Stored data
--- START ---

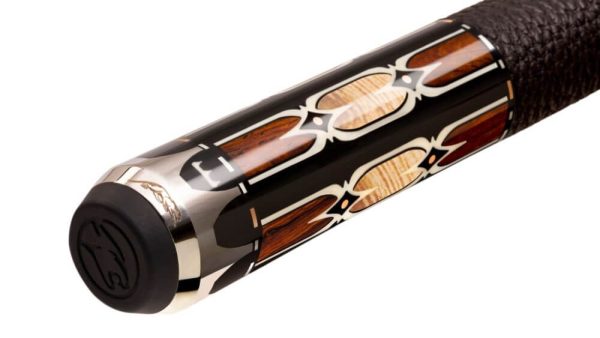 Predator Throne 2 -4 pool cue has a Gabon Ebony forearm with vibrant Cocobolo point outlined in Micarta design. At the base of each point is Curly Maple design with rose gold alloy diamond inlays, Butt sleeve has Cocobolo, Micarta, and Culry maple hourglass inlaid design. Completing cue is Uni-Loc Luxe wrap, custom dash ring work, signature Throne butt cap, and Uni-Loc weight cartridge system.
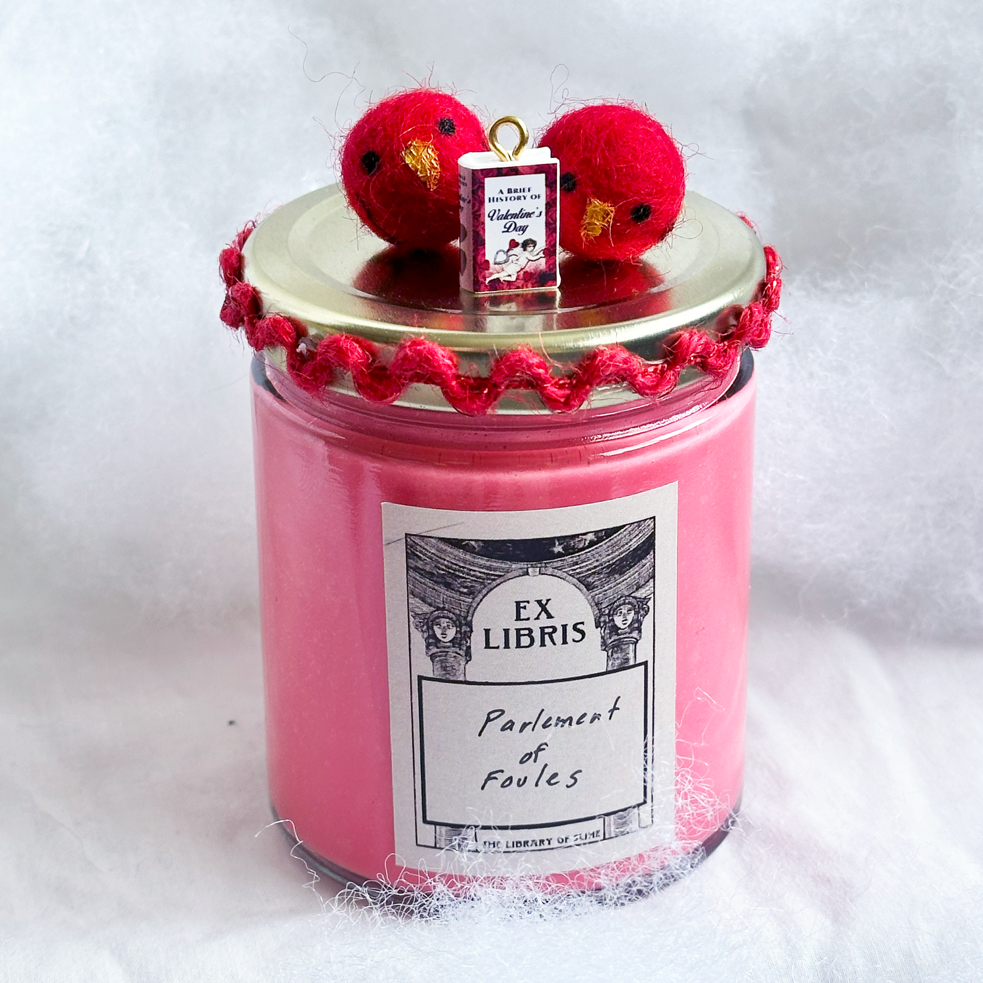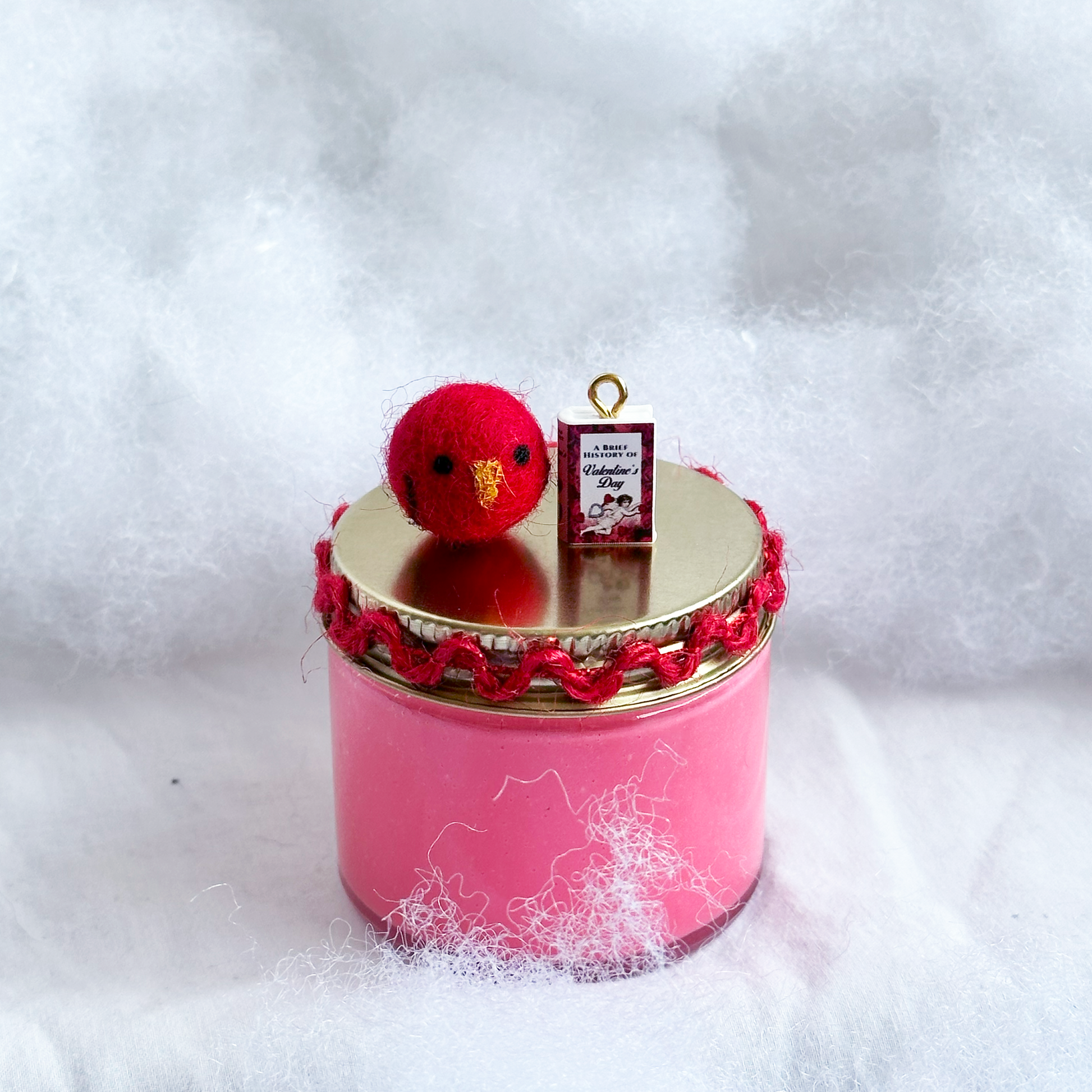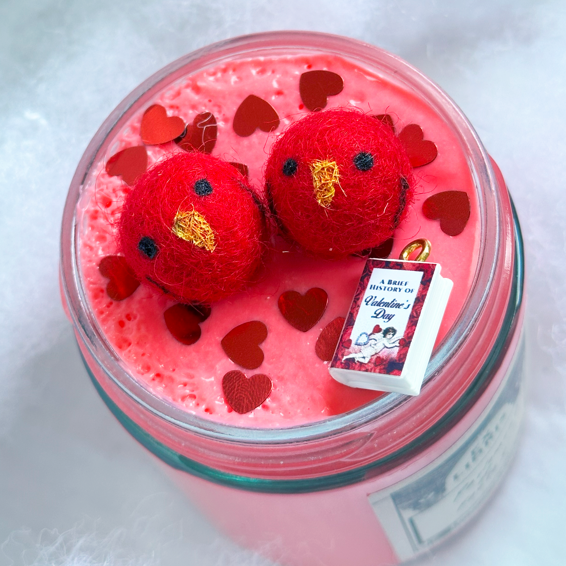 6oz version comes with two hand painted pom pom birds, heart glitter, and A Brief History of Valentine's Day book charm
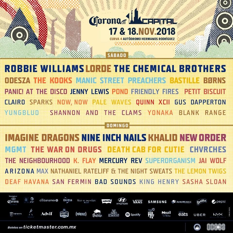 Actualización. El Festival Corona Capital reveló el elenco que dará vida a su novena edición, la cual se llevará a cabo los días 17 y 18 de noviembre en la Curva 4 del Autódromo Hermanos Rodríguez, y que tiene como líderes al inglés Robbie Williams y los estadounidenses Imagine Dragons y Nine Inch Nails.
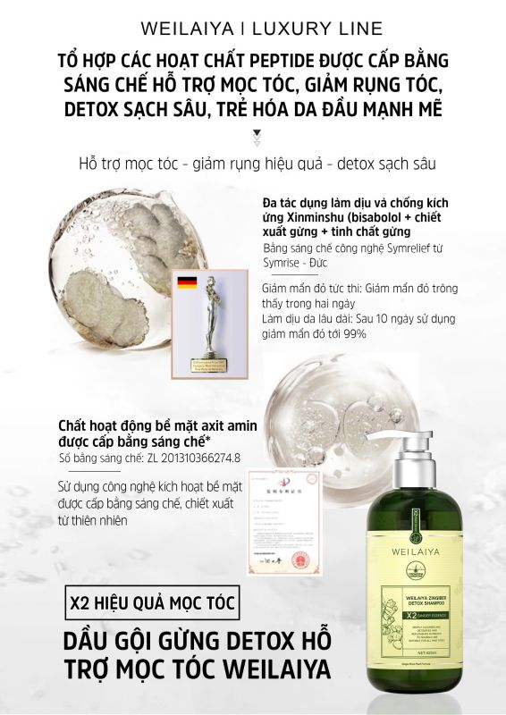 - Xinminshu (bisabolol + chiết xuất gừng + tinh chất gừng gừng Vân Nam ở dạng Phân Tử) kết hợp với Bằng sáng chế Công nghệ Symrelief từ Symrise - Đức được Weilaiya mua Độc Quyền giúp X2 hiệu quả hỗ trợ mọc tóc, giảm rụng tóc. Công thức này tạo ra 1 dạng hoạt chất mạnh mẽ hỗ trợ mọc tóc nhanh, giảm rụng tóc hiệu quả vượt trội.
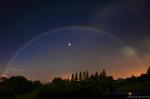 A moonbow (also known as a lunar rainbow, lunar bow or white rainbow) is a rainbow produced by the moon rather than the sun. Moonbows are relatively faint, due to the smaller amount of light from the Moon. They are always in the opposite part of the sky from the moon.
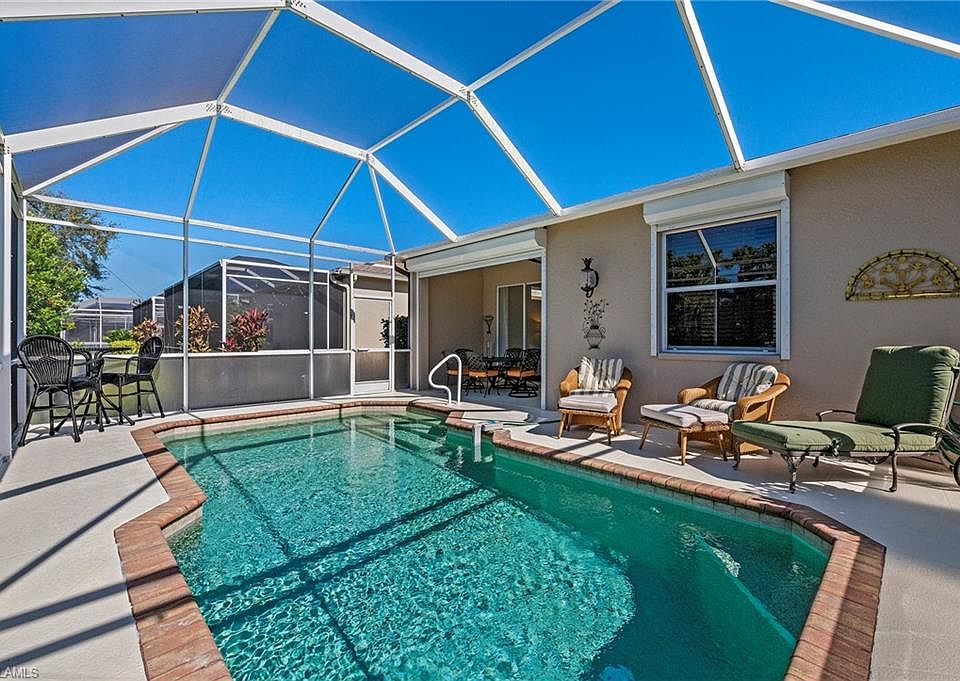 Fantastic opportunity in Ibis Cove! This charming & super clean 3bed/2bath home with heated pool & 2-car garage is the perfect place to call home. This property features stainless steel kitchen appliances, electric roll-down shutters for peace of mind, X500 flood zone, screened-in pool lanai, new washer & dryer, newer roof, newer AC, lots of storage, freshly painted interior & pool deck, and beautiful sunsets in the evenings. The super low HOA fees cover A LOT!!! Not only do they include cable/wifi, lawn care, & lawn irrigation, but the association will paint your house every 5 years, and the gated community includes a ton of amenities...community room, gym, pool table, pickleball, tennis, library, tot lot, and community pool! Great value! Don't let this one get away...it's the only house with pool available. Make your showing request today, and hopefully you can call 8599 Ibis Cove Circle home.

--- END ---

▶ [Aim of the task]: Start with the line above containing "6oz version comes" and end with the line containing "Actualización. El Festival". Set down that stretch exactly, without any pictures.

▶ [Response area]:
 6oz version comes with two hand painted pom pom birds, heart glitter, and A Brief History of Valentine's Day book charm
 Actualización. El Festival Corona Capital reveló el elenco que dará vida a su novena edición, la cual se llevará a cabo los días 17 y 18 de noviembre en la Curva 4 del Autódromo Hermanos Rodríguez, y que tiene como líderes al inglés Robbie Williams y los estadounidenses Imagine Dragons y Nine Inch Nails.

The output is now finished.